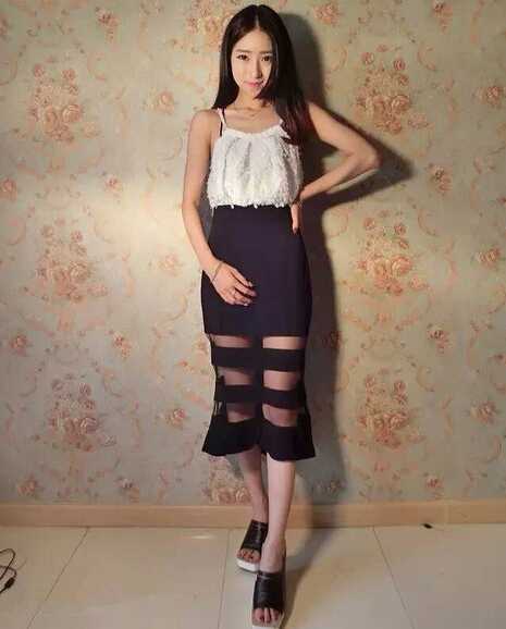 侧面看吊带衫搭配包臀半身裙,凹出极具性感魅力感的前凸后翘好身材,颇具女人味,搭配黑色厚底高跟鞋,让你轻松增高显时尚哦。
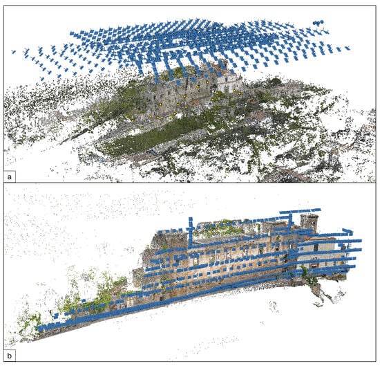 Screenshots of two photogrammetric projects for scenario II. Both figures show the positions of the cameras (in blue) and the tie points identified by the software. (a) Survey with DJI Matrice 300 RTK. (b) Survey with DJI Mavic 3 Cine.
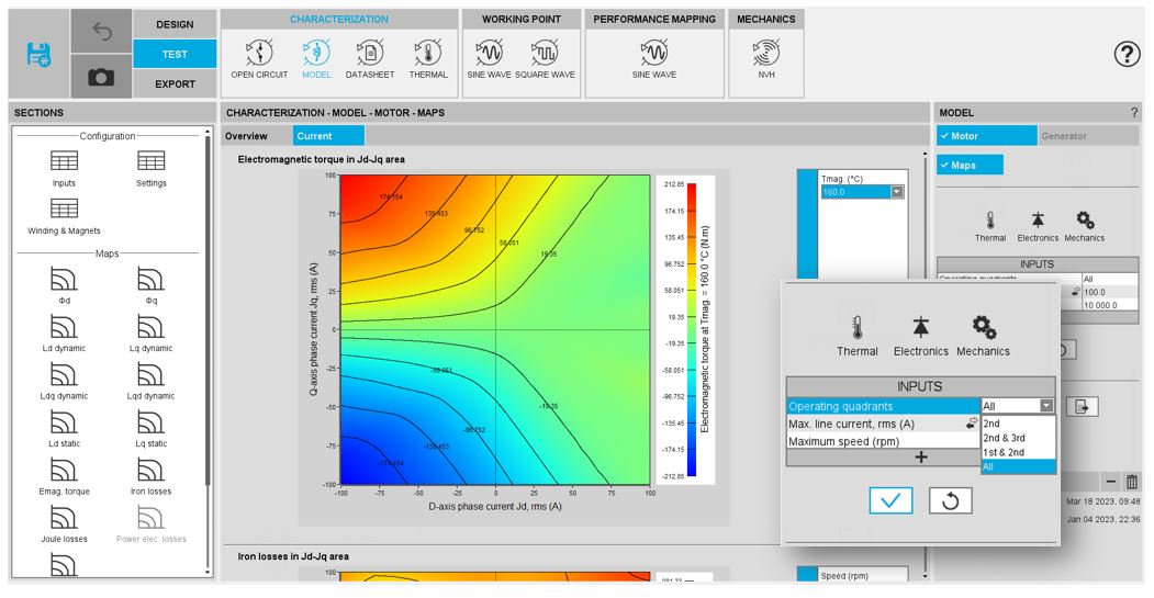 The aim of the test “Characterization - Model - Motor - Maps” is to give 2D maps in Jd-Jq plane for characterizing the 3-Phase synchronous machines with permanent magnets.

*Work order*
Please output the full listing above exactly, minus any pictures.

*Answer to the problem*
 侧面看吊带衫搭配包臀半身裙,凹出极具性感魅力感的前凸后翘好身材,颇具女人味,搭配黑色厚底高跟鞋,让你轻松增高显时尚哦。
 Screenshots of two photogrammetric projects for scenario II. Both figures show the positions of the cameras (in blue) and the tie points identified by the software. (a) Survey with DJI Matrice 300 RTK. (b) Survey with DJI Mavic 3 Cine.
 The aim of the test “Characterization - Model - Motor - Maps” is to give 2D maps in Jd-Jq plane for characterizing the 3-Phase synchronous machines with permanent magnets.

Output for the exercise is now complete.